When I speak to lawyers about cloud computing, I still often get the question "But how do I know who is holding my client's information and whether I can trust them?" Generally speaking I tell them there are contractual safeguards so that they should read those providers of the provider agreement closely. I also note that many of the cloud-based practice management services were founded by lawyers and they all should have security and client confidentiality as critical goals.
This month's Digital Edge podcast is What Lawyers Should Know About Cloud Computing Security Standards. I am personally quite pleased to learn that the Legal Cloud Computing Association has issued guidelines on security standards for these services for legal cloud providers.
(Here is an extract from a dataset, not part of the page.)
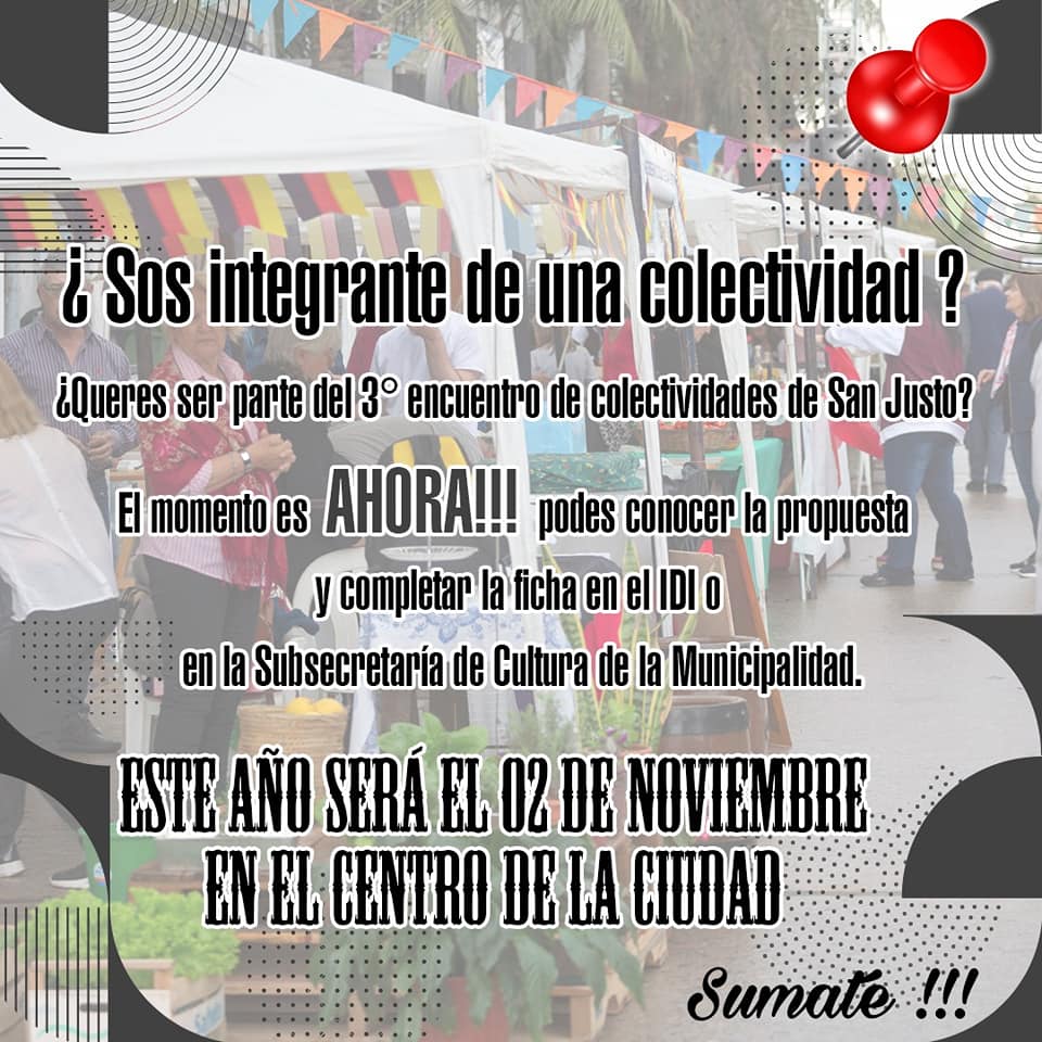 La Subsecretaría de Cultura del Gobierno de la Ciudad, invita a todos los miembros de las distintas colectividades a participar del 3er encuentro de Colectividades de San Justo a realizarse el próximo 2 de noviembre. Los interesados podrán conocer la propuesta a través de la Coordinadora de Cultura, Georgina Martinez.

We spoke with Clio founder and CEO Jack Newton and Rocket Matter founder and CEO Larry Port about cloud computing and the new cloud security standards for legal professionals released by the Legal Cloud Computing Association. Larry explains what the LCCA is and how it formed out of a need to educate lawyers about what is happening in the cloud. Jack provides some insight into the creation of the security standards, such as terms of service privacy policies and encryption, and states that with these standards as a baseline lawyers will be able to more easily assess if a cloud computing provider is adhering to certain ethical standards. Larry also lists a few factors lawyers should consider, like where the SaaS data center is located, and the four things (vulnerability scans, penetration testing, and aesthetic code and dynamic code reviews) that the standards require in security testing. They both end the interview with an analysis of in-transit and at rest encryption and the benefits and drawbacks of zero knowledge level security.